» **DATA LISTING**
────────────────────

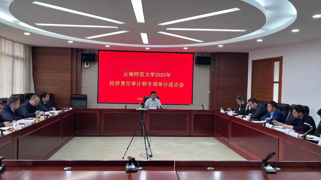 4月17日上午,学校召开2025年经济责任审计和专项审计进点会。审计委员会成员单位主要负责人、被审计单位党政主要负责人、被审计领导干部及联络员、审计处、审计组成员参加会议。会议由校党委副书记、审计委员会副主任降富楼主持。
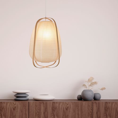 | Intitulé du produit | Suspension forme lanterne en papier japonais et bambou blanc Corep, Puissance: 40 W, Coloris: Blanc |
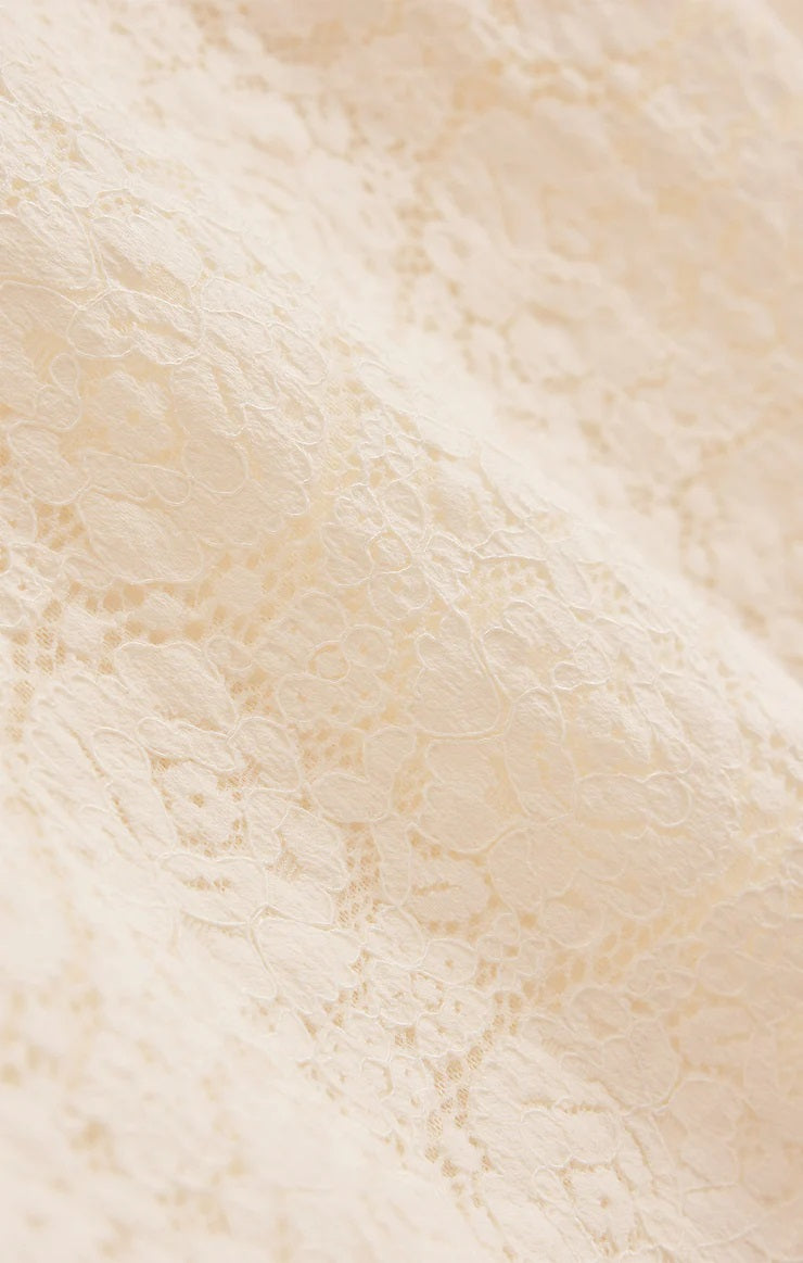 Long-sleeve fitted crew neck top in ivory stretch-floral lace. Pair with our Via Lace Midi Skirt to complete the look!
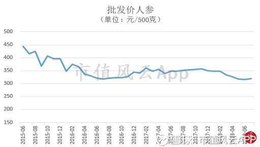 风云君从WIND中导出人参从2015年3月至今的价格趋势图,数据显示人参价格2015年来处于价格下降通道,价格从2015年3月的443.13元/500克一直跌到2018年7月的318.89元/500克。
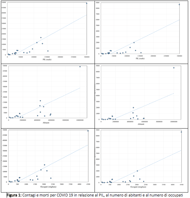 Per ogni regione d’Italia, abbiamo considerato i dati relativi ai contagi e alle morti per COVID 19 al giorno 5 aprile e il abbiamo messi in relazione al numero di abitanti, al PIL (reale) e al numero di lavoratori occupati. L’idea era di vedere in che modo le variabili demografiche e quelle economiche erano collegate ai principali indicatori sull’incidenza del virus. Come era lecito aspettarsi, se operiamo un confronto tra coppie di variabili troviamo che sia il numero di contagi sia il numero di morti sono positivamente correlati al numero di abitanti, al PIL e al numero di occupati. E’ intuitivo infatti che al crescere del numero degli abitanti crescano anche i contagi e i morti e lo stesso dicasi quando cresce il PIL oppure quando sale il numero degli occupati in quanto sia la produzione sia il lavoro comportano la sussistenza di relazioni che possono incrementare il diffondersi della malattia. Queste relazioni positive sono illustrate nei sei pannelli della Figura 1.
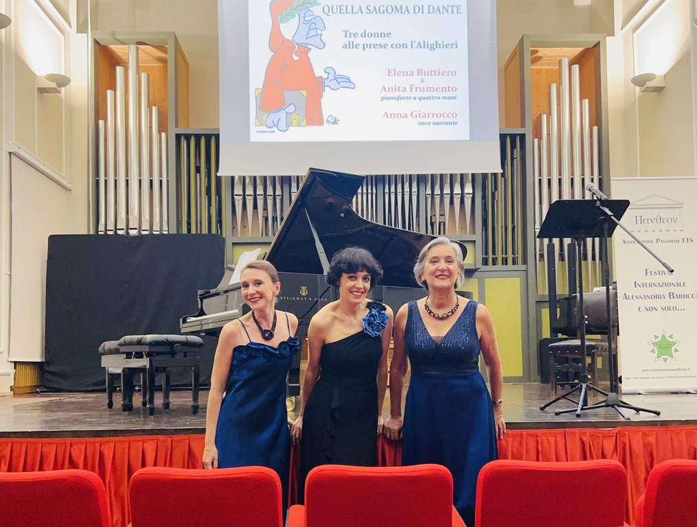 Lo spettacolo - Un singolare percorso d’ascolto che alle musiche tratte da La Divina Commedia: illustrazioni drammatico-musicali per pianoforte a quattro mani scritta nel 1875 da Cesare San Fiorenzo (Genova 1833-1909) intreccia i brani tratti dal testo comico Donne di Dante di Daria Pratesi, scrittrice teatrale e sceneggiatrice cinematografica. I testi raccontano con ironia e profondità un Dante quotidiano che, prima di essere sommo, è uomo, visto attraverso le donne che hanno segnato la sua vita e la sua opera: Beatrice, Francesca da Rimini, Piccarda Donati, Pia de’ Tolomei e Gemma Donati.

────────────────────

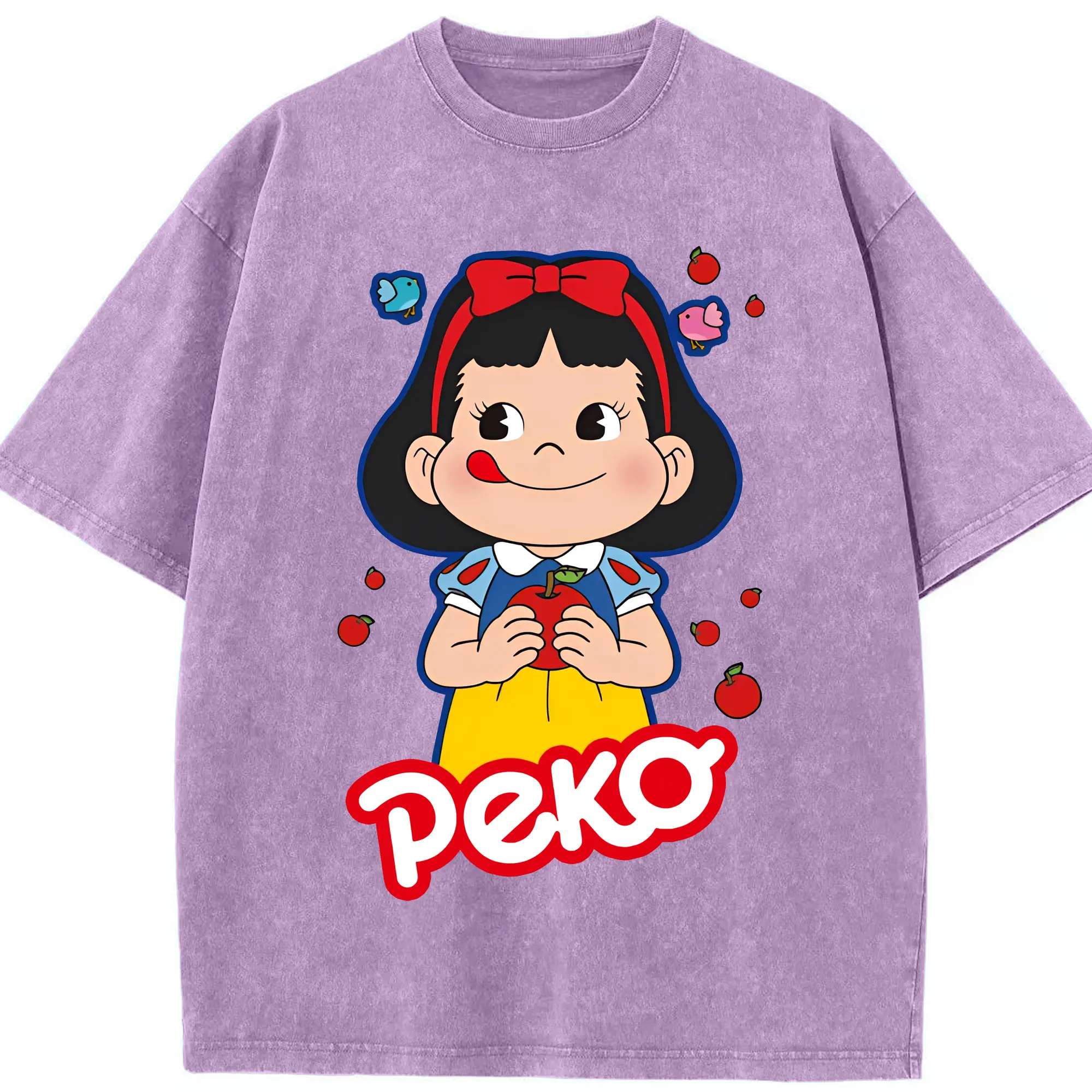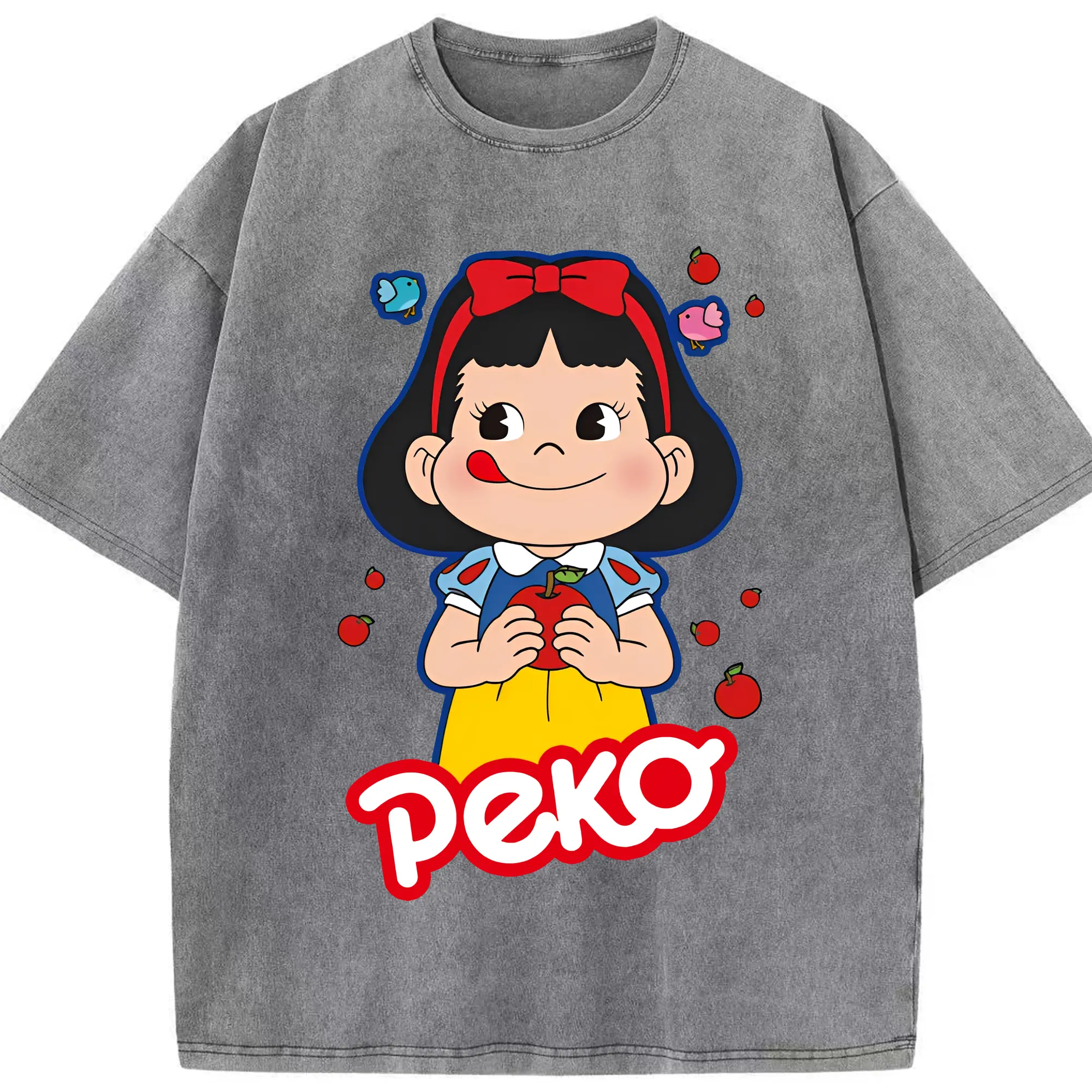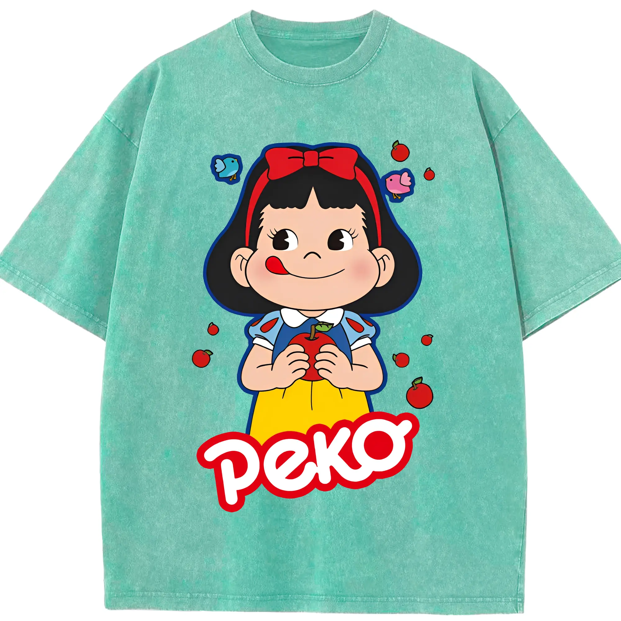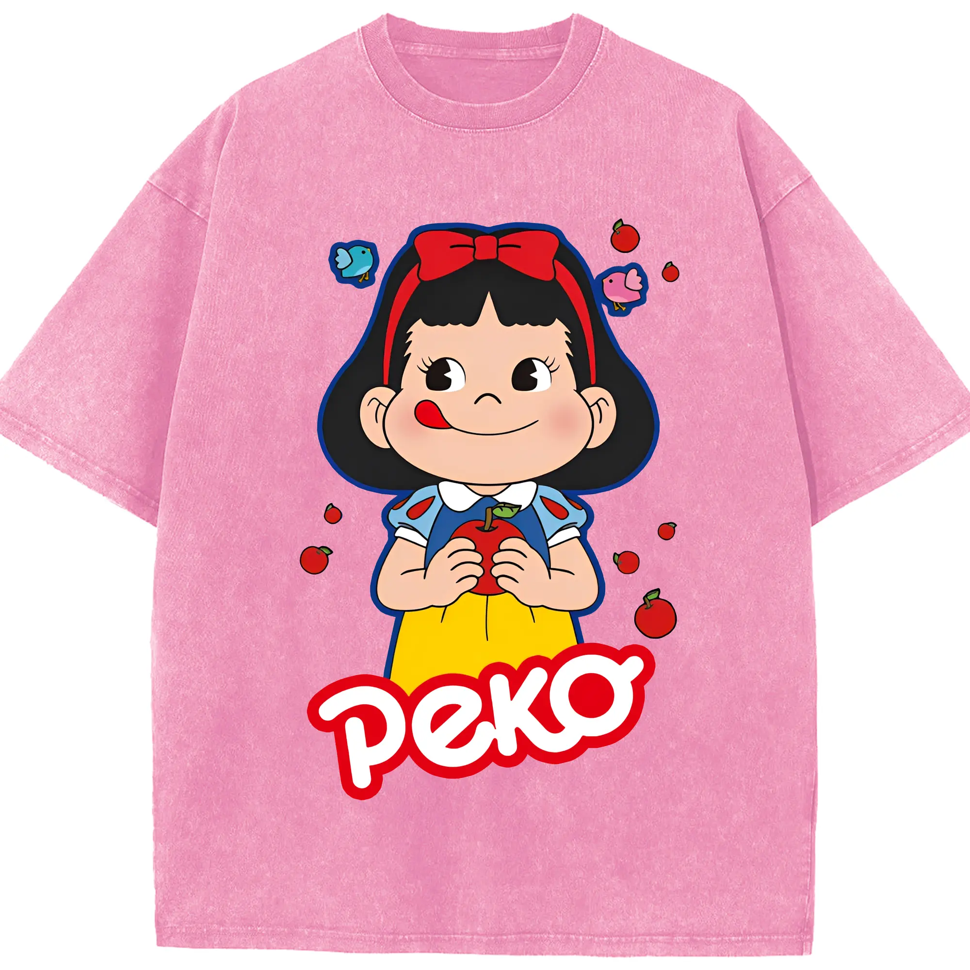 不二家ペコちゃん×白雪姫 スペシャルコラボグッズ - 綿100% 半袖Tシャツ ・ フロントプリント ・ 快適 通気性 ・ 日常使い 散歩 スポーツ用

────────────────────

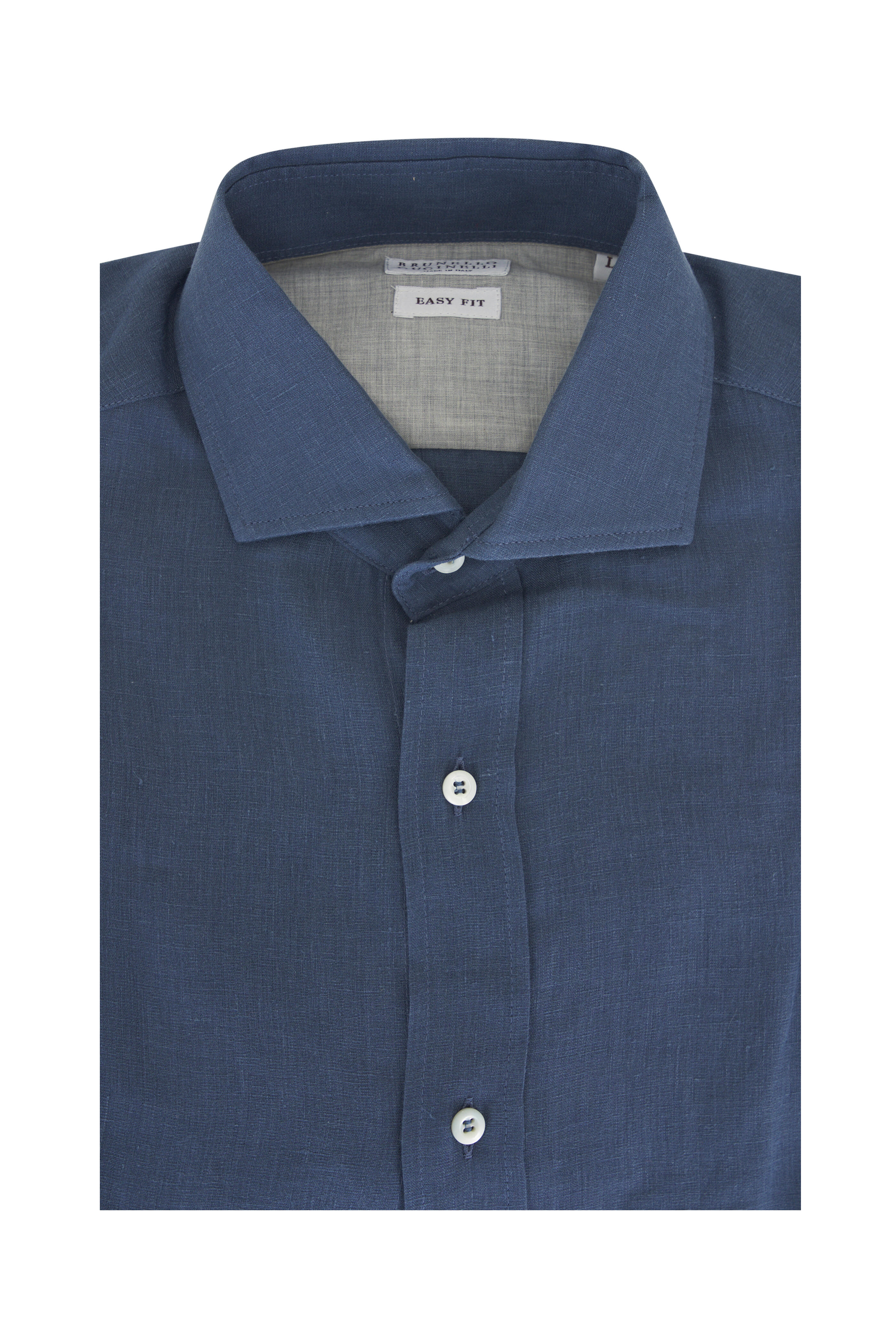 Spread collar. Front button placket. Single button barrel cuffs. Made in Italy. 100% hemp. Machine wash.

────────────────────

» **ACTIVITY**
Using the records above, print exactly the run of lines that starts with the line with "Coloris: Blanc |" and goes on through the line with "Per ogni regione", pictures excluded.

» **RESPONSE AREA**
 | Intitulé du produit | Suspension forme lanterne en papier japonais et bambou blanc Corep, Puissance: 40 W, Coloris: Blanc |
 Long-sleeve fitted crew neck top in ivory stretch-floral lace. Pair with our Via Lace Midi Skirt to complete the look!
 风云君从WIND中导出人参从2015年3月至今的价格趋势图,数据显示人参价格2015年来处于价格下降通道,价格从2015年3月的443.13元/500克一直跌到2018年7月的318.89元/500克。
 Per ogni regione d’Italia, abbiamo considerato i dati relativi ai contagi e alle morti per COVID 19 al giorno 5 aprile e il abbiamo messi in relazione al numero di abitanti, al PIL (reale) e al numero di lavoratori occupati. L’idea era di vedere in che modo le variabili demografiche e quelle economiche erano collegate ai principali indicatori sull’incidenza del virus. Come era lecito aspettarsi, se operiamo un confronto tra coppie di variabili troviamo che sia il numero di contagi sia il numero di morti sono positivamente correlati al numero di abitanti, al PIL e al numero di occupati. E’ intuitivo infatti che al crescere del numero degli abitanti crescano anche i contagi e i morti e lo stesso dicasi quando cresce il PIL oppure quando sale il numero degli occupati in quanto sia la produzione sia il lavoro comportano la sussistenza di relazioni che possono incrementare il diffondersi della malattia. Queste relazioni positive sono illustrate nei sei pannelli della Figura 1.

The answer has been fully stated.